Отслеживая случаи употребления Достоевским эпитета "фантастический" в письмах, дневниках и прозе, можно обнаружить, что слово это используется в строго определенном контексте, не вполне совпадающим не только с современным словоупотреблением, но и с тем значением, которое придавали ему, например, романтики (Мельгунов, Одоевский и др. Кстати говоря, утверждается, что на сновидческое пророчество Раскольникова (в эпилоге "Преступления и наказания") "о гибели цивилизации, основанной на ложном принципе" повлиял именно "4338-й год" кн. Одоевского (Назиров Р. Г. Владимир Одоевский и Достоевский // "Русская литература", # 3 за 1974 г.)).

Наверно, необходимо напомнить, что слово "фантазия" было заимствовано в Петровскую эпоху из польского языка (fantazja) и восходит к греч. phantasia. Фантазия буквально "то, что представляется, кажется; плод воображения". Из современных значений прилагательного "фантастический" -
1) нереальный, сказочный, волшебный, феерический; фантасмагорический,
2) воображаемый,
3) неосуществимый,
4) невероятный
(Александрова З. Е. Словарь синонимов русского языка. М., 1968) -
к употреблявшемуся Достоевским ближе всего именно "воображаемый", "умозрительный", "мысленный", но никак не "сказочный".

И действительно, вот как объясняет свой "каприз" писатель в предисловии к "Кроткой":
"Теперь о самом рассказе. Я озаглавил его "фантастическим", тогда как считаю его сам в высшей степени реальным. Но фантастическое тут есть действительно, и именно в самой форме рассказа... предположение о записавшем всё стенографе (после которого я обделал бы записанное) и есть то, что я называю в этом рассказе фантастическим..." (Т. 13, сc. 340-341).
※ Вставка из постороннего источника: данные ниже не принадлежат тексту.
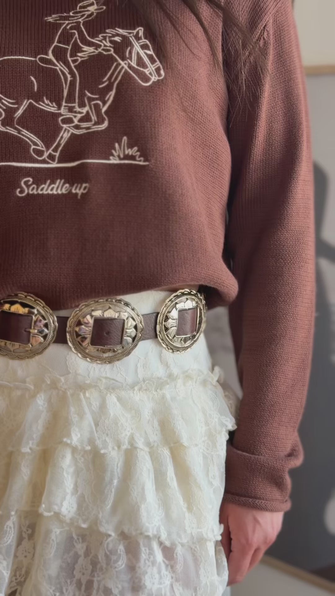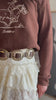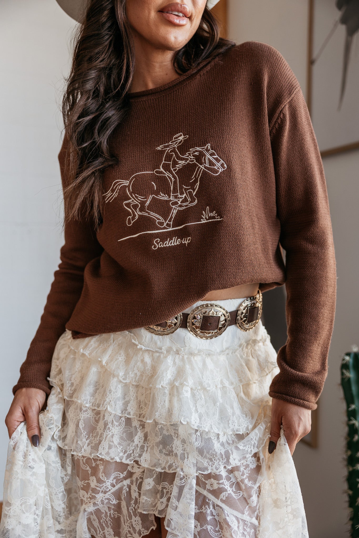 For the cowgirl who loves a soft, easy layer with a side of sass. This light knit sweater features a fully embroidered western cowgirl on horseback with the phrase “Saddle Up” stitched beneath. The neutral cream color makes it an effortless match with denim, boots, or your favorite shorts. It’s soft, breathable, and true to size—perfect for early mornings at the rodeo or slow coffee days on the porch. A statement piece that still feels cozy and wearable.

Еще одно значение термина "фантастический" по Достоевскому - "парадоксальный, нетривиальный", а "парадокс", в свою очередь, в системе мыслительных кодов писателя - некая идея, мучительная идея, почти стихийная философия, незнамо как озаряющая в единый момент человеческий ум и изводящая его парадоксальной как бы наружностью, несовместимостью самой этой "идеи" с жизнью, с реальностью до такой степени, что истеричные, скандальные поступки становятся в свете этой идеи нормой, чем-то вполне естественным, вполне совместимым с действительностью, более того, максимально последовательными и почти неизбежными. Никто не способен ускользнуть из тенет этого мучительства, любой герой Достоевского, когда приходит его час, когда он оказывается в фокусе читательского внимания, исповедует и проповедует, выступает в роли "парадоксалиста".
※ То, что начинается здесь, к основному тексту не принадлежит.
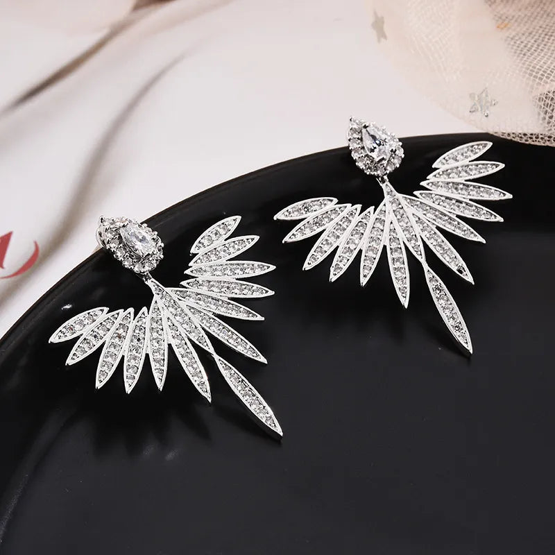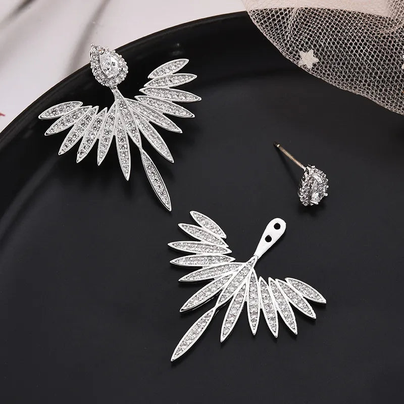 Design: Feather-shaped ear jacket with diamond-style embellishments
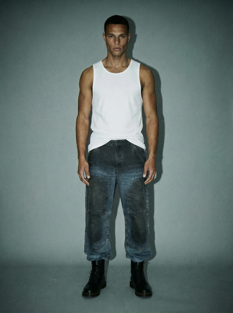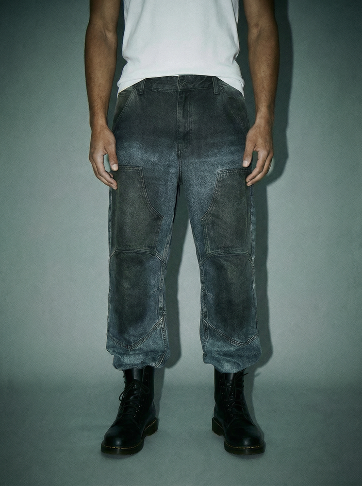 Jean con recortes y detalle en sopleteado negro. Corte baggy. Tiro medio. Badana en la cintura sobre trasero derecho. Confeccionado en denim. 100% Algodón.

Фантастический - и мучительнейший же, отсюда - "фантастические зверства" (Пушкин (очерк)). Пушкинский Онегин, например, по Достоевскому, "мучительно страдает", потому как "Любит фантазию, да ведь он и сам фантазия" (Ibid.).
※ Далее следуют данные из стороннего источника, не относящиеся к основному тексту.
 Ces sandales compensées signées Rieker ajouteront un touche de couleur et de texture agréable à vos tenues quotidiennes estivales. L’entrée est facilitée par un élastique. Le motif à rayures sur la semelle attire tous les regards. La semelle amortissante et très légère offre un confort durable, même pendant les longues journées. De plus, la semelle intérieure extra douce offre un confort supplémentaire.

То есть "фантазию" рождает именно что столкновение слабого... даже не умом, слабого силой духа и воображения субъекта с реальностью, с действительностью, фантастика есть прямое следствие проявления подлинной реальности!

Присутствие в Пушкинской прозе фантастического, по Достоевскому - свидетельство изощренности в описании явлений, оказывающих самое прямое воздействие на человеческий разум, испытывающих его способность к рациональному анализу, к самоанализу. Здесь характерен именно точно подмеченный и использованный в своем собственном творчестве Достоевским прием, заключающийся в том, что непрерывные "колебания" между фантастическим и реальным объяснениями происходящего создают особую атмосферу фантастики, тайны. О "Пиковой даме" Достоевский писал:
"...вы не знаете как решить: вышло ли это видение из природы Германна, или действительно он один из тех, которые соприкоснулись с другим миром злых и враждебных человечеству духов. Вот это искусство!" (Достоевский Ф. М. Полн. собр. соч.: В 30 т. Т. 30, кн. 1, с. 192. Цит. по: Русская фантастическая проза эпохи романтизма (1820-1840 гг.) Изд-во Ленингр. ун-та, 1991).

Еще более впечатляюще этот же прием, кстати говоря, обыгрывается в великолепной повести А. К. Толстого "Упырь". Разумеется, источником вдохновения (и невольного, вполне безобидного и беззлобного пародирования в данном случае служит эстетика Романтизма, например, некоторые элементы прозы Гофмана - излюбленные мотивы двоемирия и роковой любознательности, проявленной по отношению к принципиально непознаваемой, иррациональной "потусторонности". В определенном смысле столкновение с потусторонним моделирует и столкновение с реальностью, и столкновение с "идеей", обжигающей и ведущей прямой дорожкой к безумию.

Забавно наблюдать, как современная фантастика возвращает давние "долги". Например, у Станислава Лема в сборнике псевдорецензий (вспоминаются, кстатити, те же "Бедные люди" с их аллюзиями на современную "лубочную" литературу) "Абсолютная пустота" присутствует рассказ "Идиот" (Nurt, 1970, # 11. Русский перевод (К. Душенко) - Лем Ст. Собр. соч. в 10 т. Т. 10, с. 205-212, явные аллюзии на роман Достоевского). Родители изобретательнейшим (фантастическим!) образом трактуют действия своего ненормального ребенка, почитая все проявления идиотизма за проявления гениальности (второй ранг рефлексии!). На игре в "многовариантность" бытия построен роман Бориса Хазанова "Нагльфар в океане времен" (М.: Текст, 1993) и С.Витицкого "Поиск предназначения" (Стругацкие, Собр.соч. 2001, Т.10). А у Виктора Пелевина этот прием уже занимает центральное место. Кстати, его "Онтология детства" при всей несхожести антуража, имеет какую-то мучительную связь с "Записками из подполья". По крайней мере, проявлена та же отвага при написании вещи, в которой единственная возможность наблюдать "действие" - это следить, как бьется мысль в черепной коробке, а из коробки очередного душевного или социального "острога" рвется душа.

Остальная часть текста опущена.